New Malware Macstealer Steals Data from MacOS Devices Using Telegram Messenger
Cybercriminals have developed a new malicious software that can steal information from devices running Apple MacOS. The malware is called Macstealer and uses Telegram messenger as a platform for data exploration. The malicious B is mainly directed to devices with ARM processors of Apple M1 and M2, operating on MacOS Catalina and later versions.
According to researchers at UptyCS in their report, Macstealer has the possibility of theft of documents, cookies from the browser and information about entering the system. Currently, the malware is still under development. At the CyberPress forum, where Macstealer information was published, the authors said that they plan to add new functions, such as data capture from the Safari browser and the notes application.

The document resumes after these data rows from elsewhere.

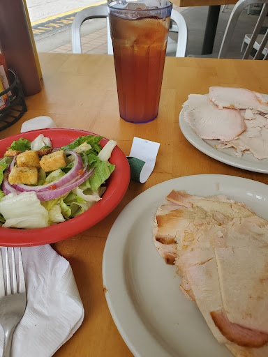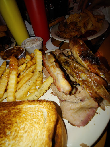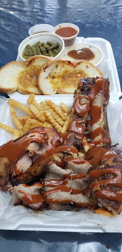 This is barely mediocre BBQ at best.. Only went here today (5/29/16) because 4 Rivers was closed.. Ordered the big feast meal for 3 of us...menu says you get generous portions of meat..this wasnt the case, I expected way more meat in the small aluminum pan they put it in..the meat was the only thing that was decent...the sides I got sucked.. Mashed potatoes had wayy to much butter and gravy didnt taste good which Im sure it was made from a store bought gravy packet where should just add water, green beans were out of a can and had wayyyyy too much black pepper, baked beans were OK...the sweet bbq sauce looked and tasted like disguised ketchup and just didnt taste good..garlic bread was OK as it would be kinda hard to screw this up..my first and last time eating here...4 rivers has this place all the beat all the way around!!
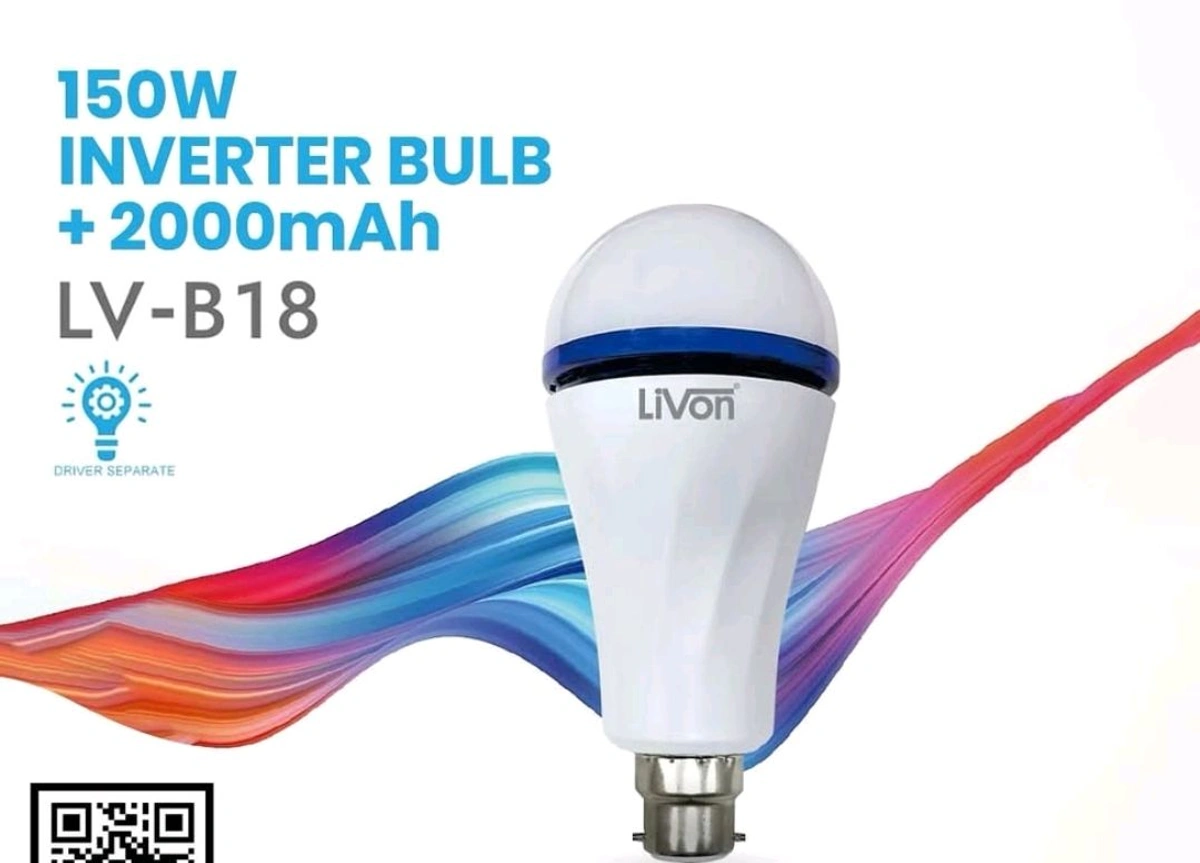 LIVON Inverter LED Bulb with built-in 2000mAh rechargeable battery provides bright light during power cuts with up to 4 hours backup. Energy-efficient, long-lasting, and easy to use, this emergency LED bulb is perfect for homes, offices, and shops.
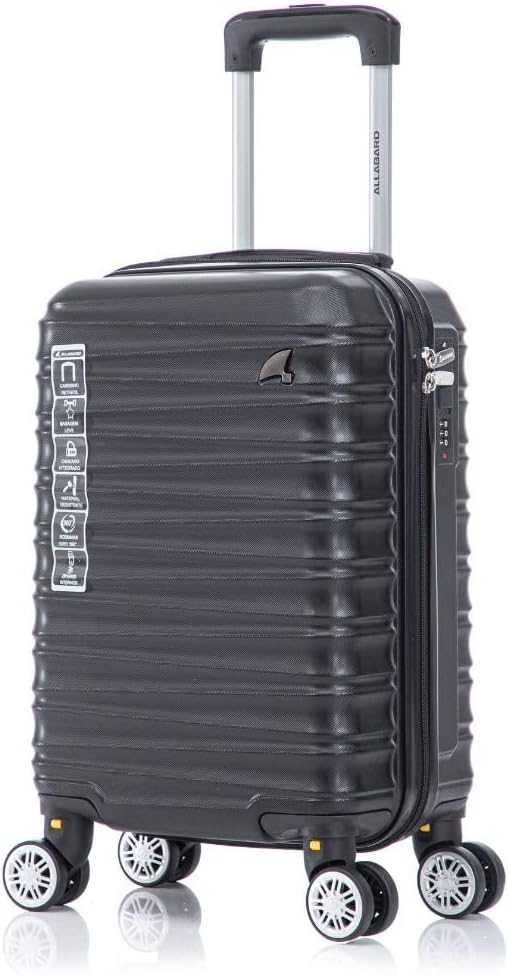 Allabard Mala de Bordo ABS, 55x35x20cm, 4 Rodas 360°, Fechadura Numérica, Preta
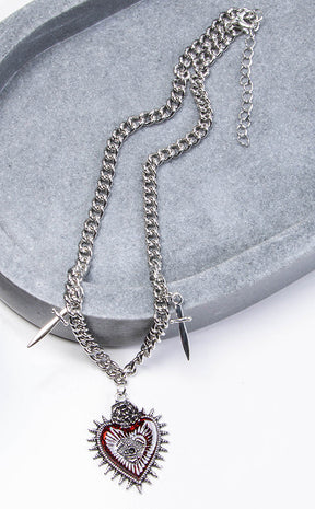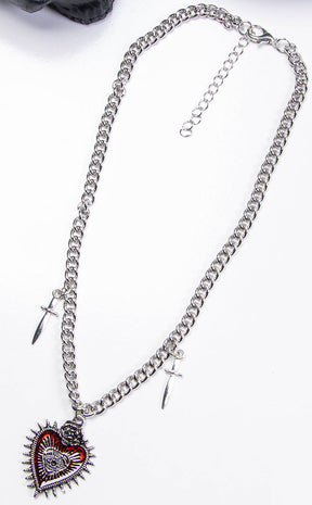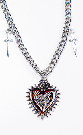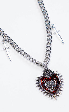 Armour up in the Not So Sacred Necklace! A sacred heart charm crowned by a rose sits on a short chain, trimmed with dagger charms to have you feeling cute and dangerous.
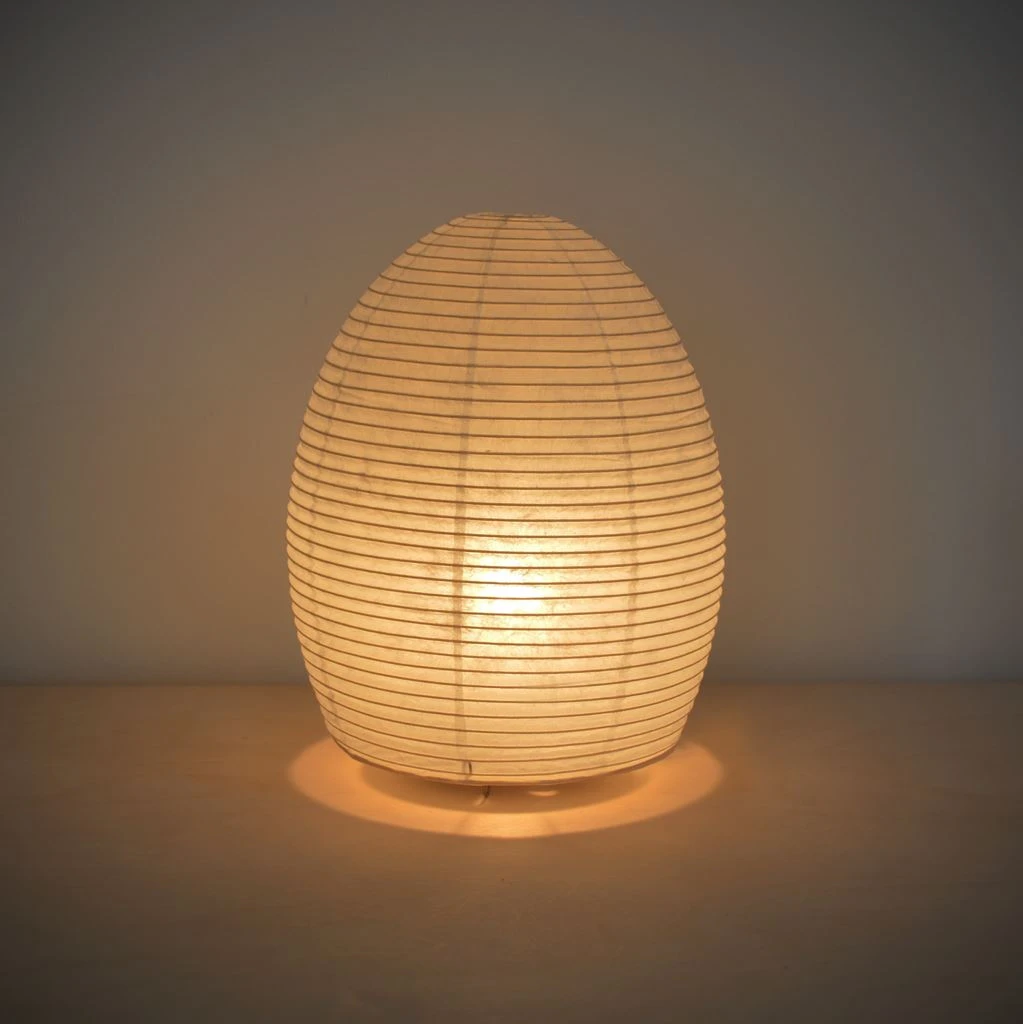 Japanese washi paper lamp shade omitting a warm, ambient light. To be use on table top or floor; switch on cord. Handmade in the Gifu prefecture of Japan for 90 years, this collection table lamps speak softly with their halcyon shape and warm diffusion. The simplicity of their structure is characterized by a wire armature that dilates a continuous spiral of bamboo filament and rice paper. Flat packed and gift boxed, the experience of taking an Asano light out of its box is like unfolding a precious silk.
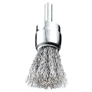 4,00€Spazzola a pennello con codulo mm 6 Fili acciaio ondulati mm 0,30 Diametro mm 15/25 Altezza fili mm24/27 Adatta per lavori frontali

Macstealer can extract data from browsers Google Chrome, Mozilla Firefox, and Brave, including the data “href=”https://support.apple.com/ru-ru/ht204085″>ligaments of the icloud key” (“ICLOUD KEYCHAIN”), as well as passwords and information about credit cards. In addition, the harmfuls support the collection of Microsoft Office, images, archives, and scripts Python.
The exact method of delivery for the malware is unknown, but researchers are sure that the container for distribution is the file ” weed.dmg “. After its launch, a fake dialog box for entering a password opens. When a naive victim indicates a password there, the malware receives the necessary permits for stealing user data.